Over the years, I have been more than willing to share my opinion of Donald J. Trump, who I had hoped would just fade from the US political scene. That was a strategy suggested at the very beginning eight years ago: “Just ignore him and he’ll go away.” A narcissist’s worst nightmare.
However, that strategy failed badly.
Trump’s contribution to U.S. discord, mayhem, and general chaos is a perfect example of where that childish impulse takes all of us, and how rapidly political discourse can deteriorate.
When Bob Woodward published Fear: Trump in the White House back in 2018, it was well received and reviewed. The title came from a March 2016 interview with Trump in which he stated: “Real power is–I don’t even want to use the word–Fear.”
The initial volume in a trilogy, it covers the first two years of the Trump Presidency and lifts the curtain on how crazy things got and how close the U.S. came to a major conflict with North Korea.
One line in Fear is memorable for the way it summarizes Trump’s Presidency: “It seems clear that many of the president’s senior advisors…are extremely concerned with his erratic nature, his relative ignorance, his inability to learn, as well as what they consider his dangerous views.”
The straw that broke the camel’s back came with Trump’s commentary on the Charlottesville White Supremacist Rally, when he said “you had people that were very fine people on both sides.”Woodward observes that from that moment, “There was a more hostile relationship with the media. The culture wars were reinvigorated. There was a racist tinge. Trump accelerated it…The fire was going to burn, and it was going to burn brightly.”
The second volume of Woodward’s series, Rage, unlike the first book, is based on seventeen interviews with Trump by Woodward. It was published in 2020, during the Pandemic.
The one-word title comes from a quote from the President on March 31st, 2016: “I bring rage out. I do bring rage out. I always have. I don’t know if that’s an asset or a liability, but whatever it is, I do.” Obviously, a revealing self-reflection.
The most important and surprisingly candid revelations in the book come not from Donald Trump, but from his son-in-law Jared Kushner. Woodward looks for “reflectors” of his subject who know the person intimately.
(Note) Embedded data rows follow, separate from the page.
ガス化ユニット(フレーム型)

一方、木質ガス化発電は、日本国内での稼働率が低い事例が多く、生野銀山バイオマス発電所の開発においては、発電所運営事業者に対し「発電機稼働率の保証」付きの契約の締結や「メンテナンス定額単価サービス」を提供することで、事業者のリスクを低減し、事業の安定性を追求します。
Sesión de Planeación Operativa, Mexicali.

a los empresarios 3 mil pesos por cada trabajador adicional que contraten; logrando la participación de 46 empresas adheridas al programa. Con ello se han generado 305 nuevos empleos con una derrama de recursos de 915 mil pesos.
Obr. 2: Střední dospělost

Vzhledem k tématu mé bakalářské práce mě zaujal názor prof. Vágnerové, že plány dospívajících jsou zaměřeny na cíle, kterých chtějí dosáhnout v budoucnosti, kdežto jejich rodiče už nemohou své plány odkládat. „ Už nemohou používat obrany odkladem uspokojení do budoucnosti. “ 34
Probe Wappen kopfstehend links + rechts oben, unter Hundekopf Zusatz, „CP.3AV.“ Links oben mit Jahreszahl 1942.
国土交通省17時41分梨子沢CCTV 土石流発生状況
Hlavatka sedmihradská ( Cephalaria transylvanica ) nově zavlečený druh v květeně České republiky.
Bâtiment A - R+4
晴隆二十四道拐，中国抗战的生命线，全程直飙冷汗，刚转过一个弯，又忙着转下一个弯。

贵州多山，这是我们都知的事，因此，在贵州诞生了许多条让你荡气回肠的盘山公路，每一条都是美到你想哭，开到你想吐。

He hit the motherlode with Kushner, who was exceptionally frank and offered four recommendations to better understand Donald Trump:
1) Read 2018 Wall Street Journal column by Peggy Noonan, in which she states: “He’s crazy … and it’s kind of working … epic instability, mismanagement and confusion … an unhinged or not-fully-hinged quality that feels like a screwball tragedy.”
2) Compare Trump to the Cheshire Cat in Alice in Wonderland, who suggests: “If you don’t know where you’re going, any path will get you there.”
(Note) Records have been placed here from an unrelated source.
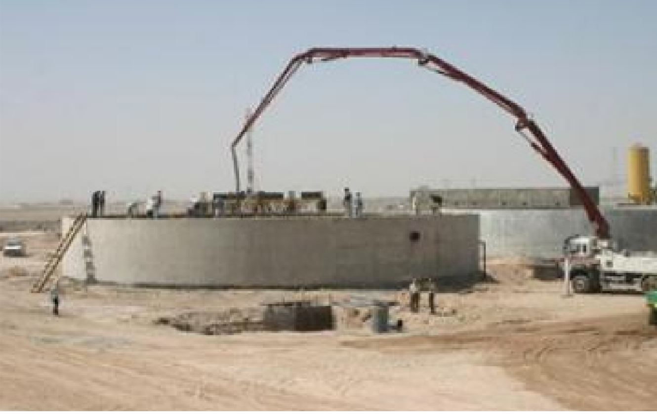
توفير حماية وقائية استباقية للخطوط والمكائن الإنتاجية

مستوى سطح الارض ليكون ارتفاع الخزان الكلي 9 امتار ويعد 338 ركيزة . وذكر ان الشركة العامة للتصميم وتنفيذ المشاريع وبالتعاون مع شركة الفارس العامة قامت بأشياء اكبر محطة لتصفية المياه في المدينة الرياضية في البصرة وكذلك مد أنبوب المياه الناقل من مأخذ ماء العيباس الى المدينة الرياضية عبوراً لشط البصرة بواسطة الحفر النفقي الذي يستعمل لأول مرة في العراق.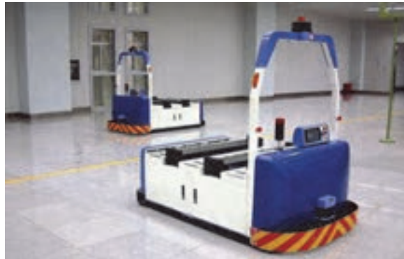
شکل ۲۸- ماشین اتوماتیک هدایت شونده با لیزر

■ ماشین‌های اتوماتیک حمل و جابه‌جایی ماشین‌هایی که توسط کامپیوتر برنامه‌ریزی می‌شوند و به طور خودکار عملیات انتقال کالا را در کارخانجات و یا کارگاه‌ها انجام می‌دهند. این نوع تجهیزات به سه دسته تقسیم‌بندی می‌شوند: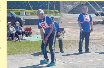
東通村春季ゲートボール大会

5月17日(日)に開催された「東通村春季ゲートボール大会」に所員5名、「よこはま菜の花マラソン大会」に所員10名が参加しました。 初夏の爽やかな風と日差しを浴びながら、地域の皆さまと一緒に汗を流して、交流を深めました。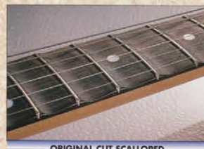
ORIGINAL CUT SCALLOPED

リッチーの早弾き奏法をサポートするスキャロップド・指板。ちょうど軌立具の表面のように波形にフレットボードをえぐった指板で両モデルとも同じ加工がされています。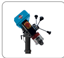
Cabezal giratorio y radial

3) Read Chris Whipple’s 2018 book The Gatekeepers about White House Chiefs of Staff and how they control access to the Oval Office. Whipple wrote that Trump, “clearly had no idea how to govern … and almost a year into his presidency, Trump will be Trump, no matter his chief of staff.”
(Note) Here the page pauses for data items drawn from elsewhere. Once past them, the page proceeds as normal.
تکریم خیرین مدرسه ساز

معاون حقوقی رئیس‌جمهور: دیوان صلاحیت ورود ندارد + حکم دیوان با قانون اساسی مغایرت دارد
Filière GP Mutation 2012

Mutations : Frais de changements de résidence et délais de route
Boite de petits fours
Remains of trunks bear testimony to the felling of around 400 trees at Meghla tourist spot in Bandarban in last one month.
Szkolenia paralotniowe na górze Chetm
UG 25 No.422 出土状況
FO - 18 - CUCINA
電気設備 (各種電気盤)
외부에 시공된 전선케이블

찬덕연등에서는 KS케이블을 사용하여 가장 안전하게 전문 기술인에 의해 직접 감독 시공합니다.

4) Read Scott Adam’s book Win Bigly: Persuasion in a World Where Facts Don’t Matter. Adams, the creator of the Dilbert comic strip, explains that Trump’s misstatements of fact are not errors, but “intentional wrongness persuasion.” Trump’s base believes that every word he speaks is the truth, as disseminated now via the Truth Social online platform. Radio created Hitler, but social media and reality TV gave birth to Trump.
Kushner hit the nail on the head when he said understanding Trump meant understanding Alice in Wonderland. The Queen of Heart’s rage is not far removed from that of Donald Trump and that infamous line “You’re fired!” (on The Apprentice)—if only a little more civil than “Off with their heads.”
These political cartoons say it all.
The final installment in the Woodward Trump library is Peril, written with co-author Robert Costa and published in September 2021. The title comes not from Trump, but U.S. President Joe Biden, at his January 2021 inaugural address, when the new President said, “We have much to do in this winter of peril.”
Peril starts with a description of the aftermath following the U. S. Capitol insurrection. Here again, the revelations come from a different source— Congressman Adam Smith—who flew back from Washington to Seattle on the day after the insurrection with a plane load of MAGA-hat-wearing ReTrumplicans.
Smith describes the white supremacist and anti-Semitic laced conversations taking place all around him. The Congressman sees Trump as “a hundred-year flood in American democracy.” He summarizes his observations about Trump by declaring, “The focus needs to be making sure that we don’t let a lunatic back into the White House … Trump is mentally unstable. He’s a narcissistic psychopath. The great fear was that he would use the Pentagon and the Department of Defense basically to stage a coup.”
Woodward and Costa’s final paragraph sends a chill up my spine as they project into the future: “But we also saw darkness. He could be petty. Cruel. Bored by American history and dismissive of governing traditions that had long guided elected leaders. Tantalized by the prospect of power…Could Trump work his will again? Were there limits to what he and his supporters might do to put him back in power. Peril remains…”
An unsettling conclusion, given the present potential of a second Trump Presidency.